Po co to robić? Po pierwsze, przyspieszasz proces kiszenia. Po drugie, dzięki nakłuciu unikasz tworzenia się pustych przestrzeni w środku ogórka. Solanka dociera do miąższu szybciej i bardziej równomiernie. I po trzecie – to naprawdę pomaga ogórkom zachować jędrność. Miąższ nie „puchnie” od wewnątrz, co często prowadzi do tego, że warzywa robią się miękkie. 

Jakie ogórki wybierać do kiszenia, żeby nie wyciągnąć pustych miękiszonów?

Nakłuwanie to jedno, ale ogórek ogórkowi nierówny. Jeśli chcesz mieć naprawdę chrupiące kiszonki, wybieraj ogórki gruntowe prosto z bazaru albo od sprawdzonego rolnika. Najlepsze do kiszenia są ogórki śremskie. Powinny być małe lub średnie, jędrne, bez pęknięć i miękkich końcówek. Unikaj ogórków, które leżały w lodówce albo zbyt długo w cieple – wtedy łatwo tracą jędrność.

Dobrym znakiem jest szorstka, twarda skórka i wyczuwalne „kolce” na ogórku – to zwykle świadczy o świeżości. Zwróć też uwagę, czy ogórki nie mają ciemnych plam albo miejsc, gdzie zaczynają się psuć. Nawet jeden taki ogórek w słoiku może popsuć całą partię. A jeśli masz wątpliwości co do ich świeżości, namocz je w zimnej wodzie przez 1–2 godziny – odzyskają trochę jędrności.

Na co jeszcze uważać przy kiszeniu, żeby mieć ogórki chrupiące jak trzeba?

Oprócz nakłuwania i wyboru odpowiednich ogórków, liczy się też sposób kiszenia. Przede wszystkim solanka – proporcja soli do wody musi być właściwa. Klasyczna to 1 łyżka soli kamiennej niejodowanej na 1 litr przegotowanej, ostudzonej wody. Sól jodowana może powodować mięknięcie ogórków, dlatego zawsze wybieraj tę zwykłą, do przetworów.

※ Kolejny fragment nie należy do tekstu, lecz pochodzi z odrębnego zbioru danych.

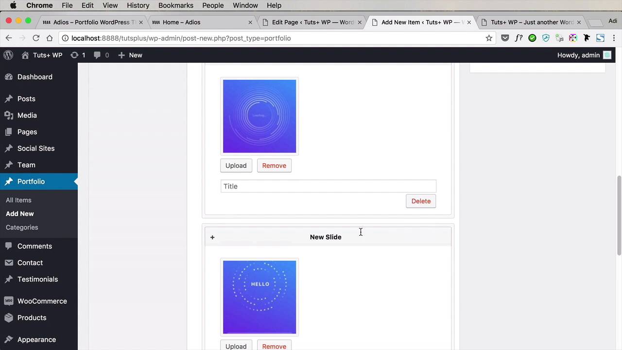 Our portfolio home page is not ready just yet. We still have four sections to deal with. So let's start customizing the section that's right below our main slider. And this is what I'm talking about right here. So we're gonna go back to the main page. In the back end, of course. And here we can see the four columns of content represented by these columns in the front end. So the first thing I'm gonna do is get rid of this fourth column, because I don't want that. Instead, we're gonna focus on three columns. So I'm gonna delete that image block right there. And then I'm gonna hover this custom text here. I'm gonna select the number of columns that I want. And in my case, I want three columns of equal size. So I'm gonna hit that. Let's hit Update. Now if we refresh. And we're gonna see the updated layout. Awesome. Now going back. I'm gonna edit this text block and instead of bonjour, I'm gonna simply say, Hello. And I'm gonna edit this text block, and instead of this text, and I'm gonna use this text. Now I wanna link my portfolio to the portfolio page, so I'm simply gonna hit this. And I do a search my work and it finds the page automatically. I'm gonna apply that. And then get in touch, I'm gonna create a link to the contact page, which is this. All right, perfect. Save changes there as well. And then for this third section I'm gonna edit. And I'm gonna paste a quote by Steve Jobs that I really, really like. So I'm gonna hit Blockquote. And the quote says, Design is not just what it looks like and feels like. Design is how it works. Really nice quote there from Steve Jobs. And, let's see. I'm gonna edit this manually because I want to add a site. Yeah, let's save changes, let's update the page. I think I want a little bit more space here. For some reason it doesn't give me the space that I need. I try it in visual mode, save changes, update, and there we go. All right, and that's how this about section, or the hello section, should look like. Now let's move on to the case study, and this will be used for the portfolio mostly. As you can see from the demo here, the case study basically displays a list of portfolio entries and also filtering. So I'm gonna go back here to Latest Works. I'm gonna hit this edit button. I can choose the style. I can choose to show the heading if that's what I want. So I'm gonna simply say, Portfolio. And here I can edit the categories that I wanna bring portfolio posts from. So from now I'm gonna save the changes. I'm gonna hit update. And we're gonna go ahead and create some portfolio entries. All right, currently it grabs all of the categories that I have in the portfolio, but maybe I don't want that. So let's see, let's open the portfolio here. And these are all of the projects for the portfolio, but I think I'm gonna add some of my own. So Add New. We're gonna enter the title. And for the title, I'm actually gonna start with these, like for example Winter landscape. Yeah, this should be categorized as photography. And I can choose to add or to create a gallery for it, if that's what I want. But because this is about photography, I think I'm just gonna set it to a Lightbox, so the image will open in a Lightbox. And the only image that I'm gonna add is this. And also, I'm gonna set it as a featured image. That's very important. If you don't set it as a featured image, it will not show up in the portfolio. So I'm gonna publish that. And then we're gonna go back to our page and right here, for Latest Works, I'm gonna choose the categories that I want, photography to start with. And then we go back here and we scroll down to the portfolio, we're gonna see all of the posts from the photography category. If I decide to add another category, let's add a new portfolio item, for example, for mobile design. All right, let's say Demo mobile app. And we're gonna choose Add New Category. I'm gonna call it Mobile Design. And let's create a slide show for this. So I'm gonna select this. As one slide, I can give it a title if that's what I want. And then I'm gonna add another slide, maybe this. And yet another slide, maybe this. Let's actually give these a title. Let's say Slide 1. Again, this is just for demo purposes, Slide 2, and Slide 3. All right, so this will link to a single portfolio page. And also, I'm gonna set a featured image. Let's say this, for example. All right, let's publish that and then we're gonna go back. To our main page here. And we're gonna do a quick refresh. And in the Latest Works, I'm simply going to add another category here, Mobile Design, and I'm gonna save changes. So hit Update, and now if I do a refresh, you'll see that the portfolio displays the items from mobile design and photography. And I can filter these. Like this. And of course, if I click on this image, which I set to open in a Lightbox, it's just gonna open in a Lightbox. If I click this image it's gonna open in a single portfolio page. And right here, you can actually see the slider for that portfolio item. And right here, it's the title that we set previously. So this section is pretty much done. Let's move on to the blog stories. For the blog stories, we have a couple of blog posts that were added as part of the demo content. So let's go back to my main page, scroll down. Where it says Blog News. Or actually, instead of stories here, I'm gonna say, From the blog. Save changes. For the blog news, I'm gonna select the categories that I want to display posts from. In my case, let's say for example, from design. We have a couple more options here like how to order these, or how many posts per page do we want. But I'm gonna stick with the defaults. And for the Twitter stream, I'm gonna to enter my own username here. Hit Update. So now we go from this section to this section, which has a different title. It displays blog entries from my chosen category, and also displays my own personal Twitter stream. Finally, lets turn our attention to the footer. Now the footer can be controlled

Nie przesadzaj też z temperaturą. Słoiki z ogórkami najlepiej trzymać w temperaturze pokojowej tylko przez 2–3 dni, a potem przenieść je w chłodne miejsce – piwnica, spiżarnia, lodówka. Im dłużej ogórki stoją w cieple, tym bardziej miękną.

Ważne są też dodatki – liście chrzanu, dębu, wiśni lub czarnej porzeczki zawierają garbniki, które pomagają utrzymać jędrność ogórków. Nie musisz dodawać ich wszystkich, ale przynajmniej jeden z nich warto wrzucić do każdego słoika. No i oczywiście – koper, czosnek i korzeń chrzanu to podstawa smaku.